*WORK REQUIRED:* Across these entries, report how many lines include the string "build", with nothing but the number.

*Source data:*
----------------
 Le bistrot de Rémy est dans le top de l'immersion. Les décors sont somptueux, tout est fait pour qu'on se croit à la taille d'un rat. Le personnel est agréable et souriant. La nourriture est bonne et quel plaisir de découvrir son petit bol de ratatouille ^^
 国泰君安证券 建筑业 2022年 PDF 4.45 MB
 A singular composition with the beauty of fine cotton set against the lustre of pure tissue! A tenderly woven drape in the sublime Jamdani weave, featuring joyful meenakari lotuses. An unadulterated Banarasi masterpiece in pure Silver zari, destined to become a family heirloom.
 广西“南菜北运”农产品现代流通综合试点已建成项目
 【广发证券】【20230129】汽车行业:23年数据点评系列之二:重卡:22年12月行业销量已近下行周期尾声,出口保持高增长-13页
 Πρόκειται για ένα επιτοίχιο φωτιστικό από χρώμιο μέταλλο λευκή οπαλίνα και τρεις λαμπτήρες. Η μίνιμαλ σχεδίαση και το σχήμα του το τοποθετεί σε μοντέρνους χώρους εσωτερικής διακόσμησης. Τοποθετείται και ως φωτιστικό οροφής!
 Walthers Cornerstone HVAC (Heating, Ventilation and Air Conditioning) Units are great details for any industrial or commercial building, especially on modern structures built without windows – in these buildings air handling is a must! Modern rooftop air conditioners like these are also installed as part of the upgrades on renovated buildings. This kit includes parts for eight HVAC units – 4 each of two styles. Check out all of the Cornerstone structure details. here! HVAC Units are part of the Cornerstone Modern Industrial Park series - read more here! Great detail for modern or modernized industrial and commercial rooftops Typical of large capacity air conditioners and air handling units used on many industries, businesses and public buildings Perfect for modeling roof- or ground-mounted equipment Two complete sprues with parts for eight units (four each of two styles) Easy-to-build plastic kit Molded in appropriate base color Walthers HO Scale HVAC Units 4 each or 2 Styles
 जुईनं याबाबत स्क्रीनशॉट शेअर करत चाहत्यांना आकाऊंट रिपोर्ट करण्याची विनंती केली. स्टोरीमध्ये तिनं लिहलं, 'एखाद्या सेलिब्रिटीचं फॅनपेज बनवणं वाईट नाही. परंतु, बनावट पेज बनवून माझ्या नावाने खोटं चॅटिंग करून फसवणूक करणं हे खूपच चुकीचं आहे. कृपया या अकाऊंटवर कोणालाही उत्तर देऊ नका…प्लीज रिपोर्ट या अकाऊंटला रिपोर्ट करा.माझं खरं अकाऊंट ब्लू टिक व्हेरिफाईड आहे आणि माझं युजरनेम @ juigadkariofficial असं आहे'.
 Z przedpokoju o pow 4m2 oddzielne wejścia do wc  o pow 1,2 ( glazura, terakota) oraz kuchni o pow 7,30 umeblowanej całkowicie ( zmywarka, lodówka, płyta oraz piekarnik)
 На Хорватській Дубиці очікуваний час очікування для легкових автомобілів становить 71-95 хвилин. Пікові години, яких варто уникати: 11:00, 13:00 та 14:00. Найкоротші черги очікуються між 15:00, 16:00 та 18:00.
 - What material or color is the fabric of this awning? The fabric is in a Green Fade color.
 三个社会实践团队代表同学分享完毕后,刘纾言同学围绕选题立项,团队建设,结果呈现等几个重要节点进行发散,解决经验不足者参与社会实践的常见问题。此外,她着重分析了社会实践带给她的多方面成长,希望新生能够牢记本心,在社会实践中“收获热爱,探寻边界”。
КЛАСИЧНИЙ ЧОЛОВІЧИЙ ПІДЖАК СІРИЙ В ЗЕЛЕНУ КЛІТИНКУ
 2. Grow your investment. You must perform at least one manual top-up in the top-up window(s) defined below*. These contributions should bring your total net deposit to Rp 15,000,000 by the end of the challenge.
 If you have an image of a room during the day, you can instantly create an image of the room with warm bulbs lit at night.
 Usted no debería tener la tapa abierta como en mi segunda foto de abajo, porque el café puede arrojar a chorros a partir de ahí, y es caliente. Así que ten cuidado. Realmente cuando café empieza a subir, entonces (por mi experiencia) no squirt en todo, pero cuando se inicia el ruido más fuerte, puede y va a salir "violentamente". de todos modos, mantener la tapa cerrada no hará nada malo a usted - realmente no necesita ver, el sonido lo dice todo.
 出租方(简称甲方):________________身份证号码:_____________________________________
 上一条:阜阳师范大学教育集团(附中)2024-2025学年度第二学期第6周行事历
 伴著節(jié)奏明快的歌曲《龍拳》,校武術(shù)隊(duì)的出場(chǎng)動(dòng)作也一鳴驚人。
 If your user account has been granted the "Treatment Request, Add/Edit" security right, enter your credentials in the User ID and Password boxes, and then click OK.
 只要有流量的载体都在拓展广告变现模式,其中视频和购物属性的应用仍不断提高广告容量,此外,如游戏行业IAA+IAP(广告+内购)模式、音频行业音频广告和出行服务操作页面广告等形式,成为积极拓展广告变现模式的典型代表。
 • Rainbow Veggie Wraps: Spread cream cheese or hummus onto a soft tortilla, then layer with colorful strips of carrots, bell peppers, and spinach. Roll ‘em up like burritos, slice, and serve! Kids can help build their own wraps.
----------------
*WRITTEN REPLY:* 2